Other publications have reported on factors that are associated with low ANC utilization. A secondary analysis of the 2010 Rwanda Demographic and Health Survey reported that long distance between home and health center, having 4 or more children, and unwanted/unplanned pregnancy were associated with decreased ANC utilization . Other reported barriers to ANC utilization in Rwanda include cultural norms, such as avoiding a public disclosure of pregnancy until the second trimester (when the pregnancy can no longer be easily hidden by clothing), and negative experiences with ANC providers, such as being criticized for registering for ANC too early or too late or presenting without a male partner .
Antenatal care in Rwanda is not provided to pregnant women for free.

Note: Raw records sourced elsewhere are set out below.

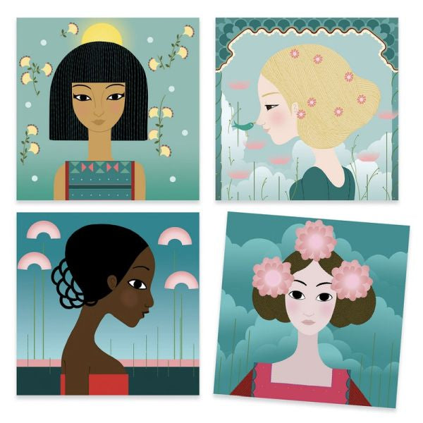 Un coffret de tampons inédit où l'enfant compose des motifs pour décorer tenues et chevelures de ces princesses du monde. Il associe les motifs et les positionne avec précision grâce aux tampons transparents qui permettent de toujours voir sa création. Au fil de la réalisation, les jeunes filles se parent d'ornements subtils et raffinés.
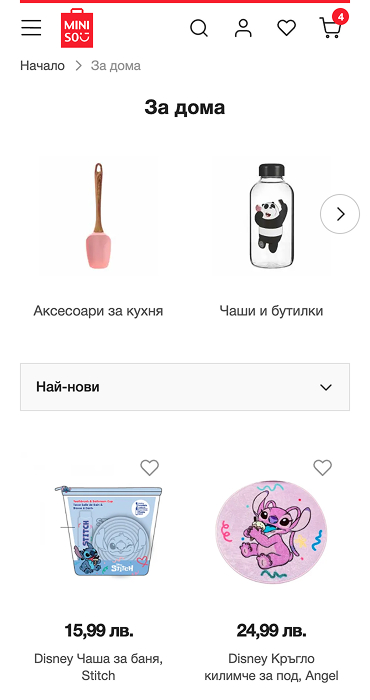 За основа на новата онлайн платформа на MINISO избрахме нашето собствено решение RZ Commerce, което предоставя необходимата гъвкавост за работа с разнообразния асортимент от над 5000 артикула. Това позволи изграждането на персонализирана структура от категории и подкатегории, отразяваща богатата продуктова гама – от домашни аксесоари до лицензирани продукти с Disney, Marvel и Hello Kitty.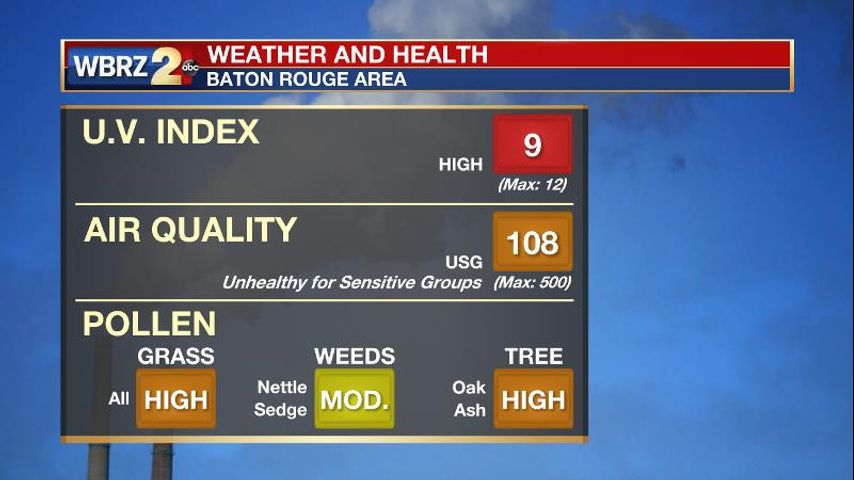 When the weather is nice and quiet, we are more prone to some negative health impacts. Clear skies are often created by areas of high pressure, which also result in sinking, poorly mixed air. This makes it difficult for clouds and showers to form but also allows pollutants to settle and ozone to increase. An *AIR QUALITY ALERT* has been issued for the Baton Rouge area from 6am through midnight Wednesday. Levels are low enough that only those with breathing sensitivities such as asthma would be affected by spending longer periods outside. You can reduce emissions by driving less and refueling very early or very late in the day. In addition, the U.V. Index is very high at 9, making sunburn times less than 20 minutes. Also, grass and tree pollen is high.

The health care system is partly financed with a universal, community-based health insurance program (“Mutuelle de santé”) established by the Government of Rwanda and formalized by law in 2008 . This program uses a policy of annual household subscription, tiered payment levels by income, and co-payments (for all except the lowest-income-level clients) to the health center at the time of service, including for routine ANC. The co-payment required for one follow-up ANC visit is commonly 200 Rwandan Francs (0.25 USD, 2019) and the total estimated household cost for all ANC services was recently reported as approximately 3000 Rwandan Francs . It is not known what effect these costs have on ANC utilization, but some published qualitative data suggest that confusion, apprehension, or misperceptions about health insurance coverage may dis-incentivize some women .

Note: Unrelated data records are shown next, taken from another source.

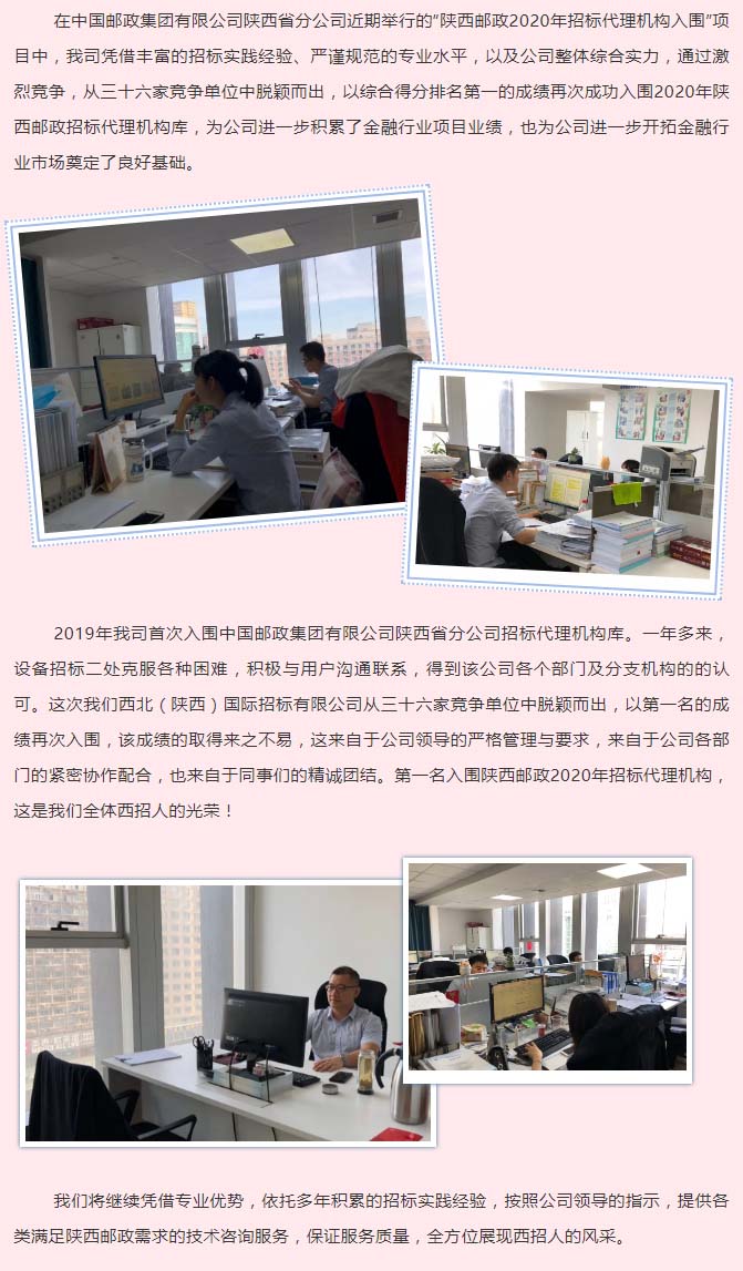 我司再次成功入圍陜西郵政2020年招標代理機構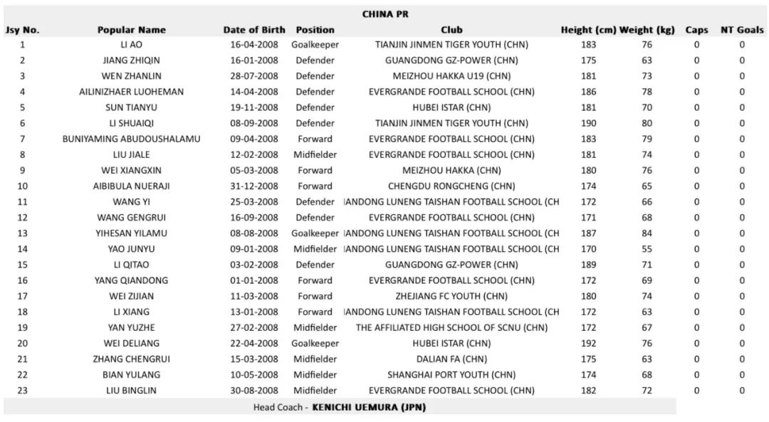 3月中旬国少队在广东三水集训时,27人名单中的主力后卫王康睿、艾力尼扎尔·罗合曼、中场姚俊宇和艾比布拉都出现了伤病情况,从国少队最终确定的23人参赛名单来看,27人的集训大名单中,李星辰、彭子鸣、姜轶祥、陈子凡4人落选,主教练上村健一留下了门将魏德梁、中后卫李帅琪和锋线球员魏子健。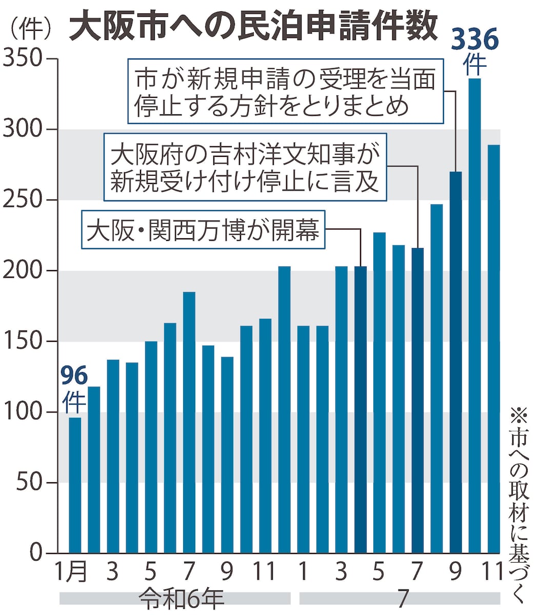 ><独自>大阪市の特区民泊申請件数、令和7年過去最多に 受理停止前に「駆け込み申請」か(産経新聞) - Yahoo!ニュース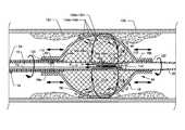 FIG. 7, a first alternative embodiment, is a plan view of the visible components of a cross stream thrombectomy catheter with flexible and expandable cage;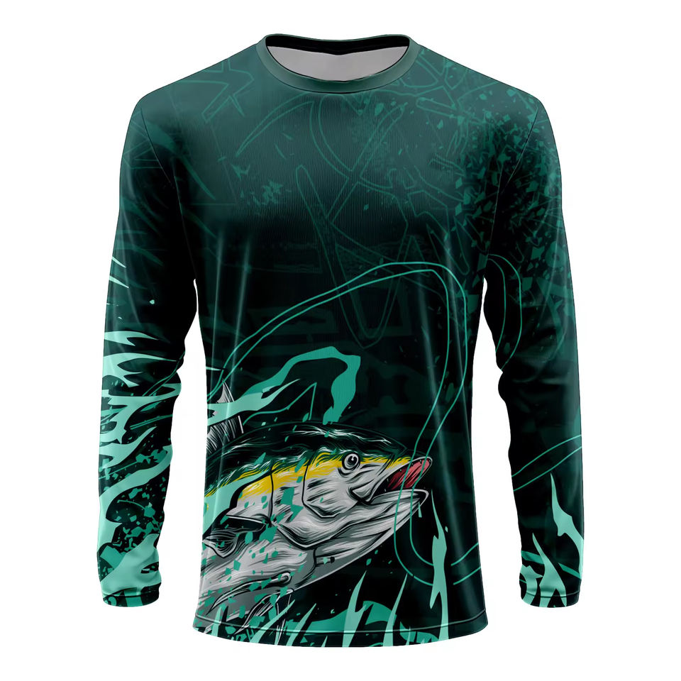 เสื้อตกปลาแขนยาวพิมพ์ลายตามสั่ง ลดราคาพิเศษ ป้องกันแสงแดด SPF 50 รับผลิตแบรนด์ส่วนตัว มีไซส์พลัสไซส์ให้เลือก
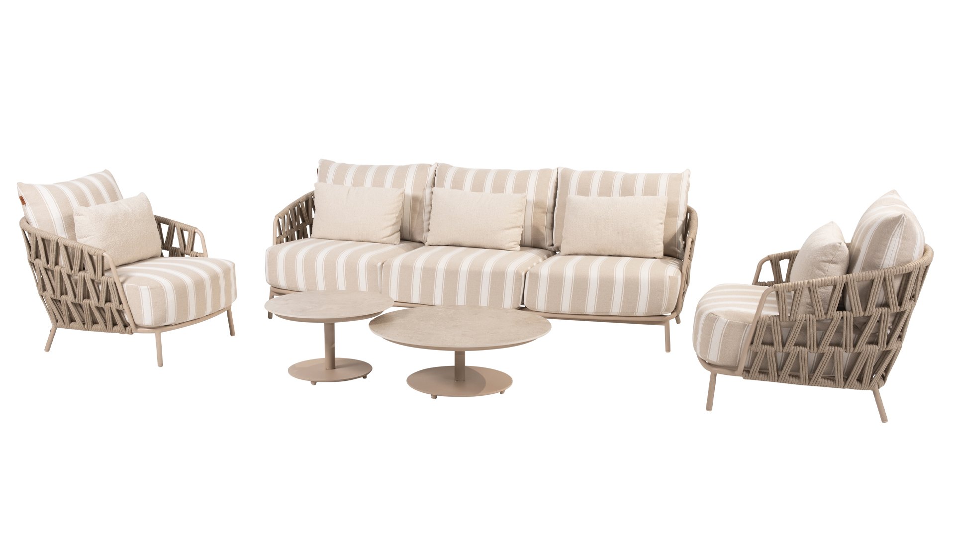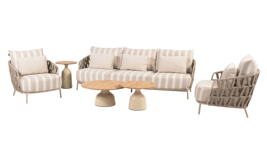 Het frame is gemaakt van sterk gepoedercoat aluminium in een warme zandtint en afgewerkt met met de hand gevlochten Rope in een strak patroon. De dikke kussens bieden niet alleen een luxueuze uitstraling, maar ook uitstekend zitcomfort. De Olefin kussenhoezen zijn weerbestendig, kleurvast en sneldrogend – ideaal voor het Nederlandse klimaat.

A comprehensive postnatal care (PNC) program continues to develop in Rwanda. The 2014–2015 Demographic and Health Survey reported that while 91% of women delivered in a health facility, only 19% of newborns had a postnatal checkup within 2 days of birth and 43% of women reported a postnatal checkup within 2 days of birth . In 2015, the Rwanda Ministry of Health defined a four-visit postnatal care package meant to monitor the well-being of all newborns and mothers . The first postnatal visit is to be accomplished by a provider (nurse or midwife), usually assigned to the maternity service at the health center, before discharge home from the facility after birth. The second and third postnatal visits are to be accomplished by a Community Health Worker in the home at 2 days and between 3 and 7 days following delivery. The fourth postnatal visit should be accomplished at the health center by a skilled provider at approximately 6 weeks after birth. National implementation of this postnatal care package is ongoing.

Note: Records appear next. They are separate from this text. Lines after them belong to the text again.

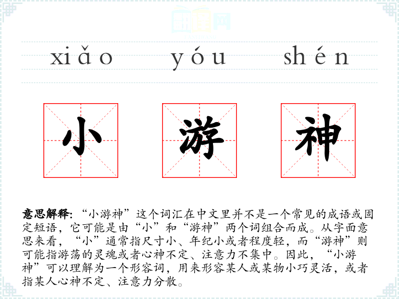 “小游神”这个词汇虽然不是一个标准词汇,但它具有一定的描述性和情感色彩,能够形象地表达出活泼、灵活或心神不定的状态。在语言学习和表达中,了解和掌握这样的词汇可以帮助我们更丰富地表达自己的思想和情感。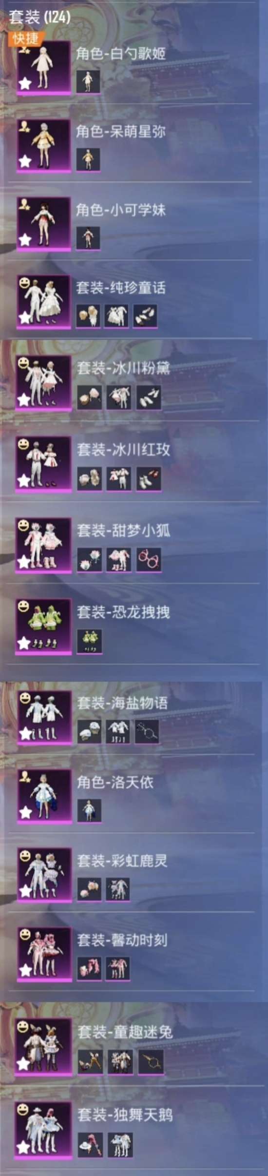 白芍歌姬,呆萌星弥,小可学妹,寒光使者,宝贝奶油派,纯真童话,甜梦,小狐,童趣迷兔,林间仙鹿三件套,馨动时刻,独舞天鹅,洛天依,冰川粉黛,冰川玫瑰,恐龙拽拽。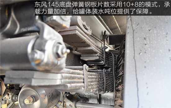 彈簧片決定了車身的承載力量,東風(fēng)145底盤彈簧鋼板片數(shù)采用10+8的模式,承載力量加倍,給罐體裝水噸位提供了保障。

In 2015, the East Africa Preterm Birth Initiative-Rwanda, a partnership among the Rwanda Ministry of Health, the Rwanda Biomedical Center, the University of Rwanda School of Public Health, and the University of California, San Francisco, Institute of Global Health Sciences, decided to implement a cluster randomized controlled trial of group ANC and group PNC powered to assess the impact of this model on gestational age at birth in 5 districts. The design and objectives of this study are described elsewhere . In group ANC, women are organized into groups and attend their ANC visits together over the course of pregnancy. Group visits are facilitated by skilled providers and include both health assessments and discussion with active participation by all group members. Several review articles offer summaries of outcomes associated with group ANC, which have included, in select populations, decreased rates of preterm birth and increased levels of satisfaction with care [11,12,13,14]. The potential to realize improved perinatal outcomes in Rwanda through this innovative service delivery model inspired these partners to implement a group ANC /PNC package as the standard of care at 18 pair-matched and randomized health centers in 5 districts during an 18-month trial period.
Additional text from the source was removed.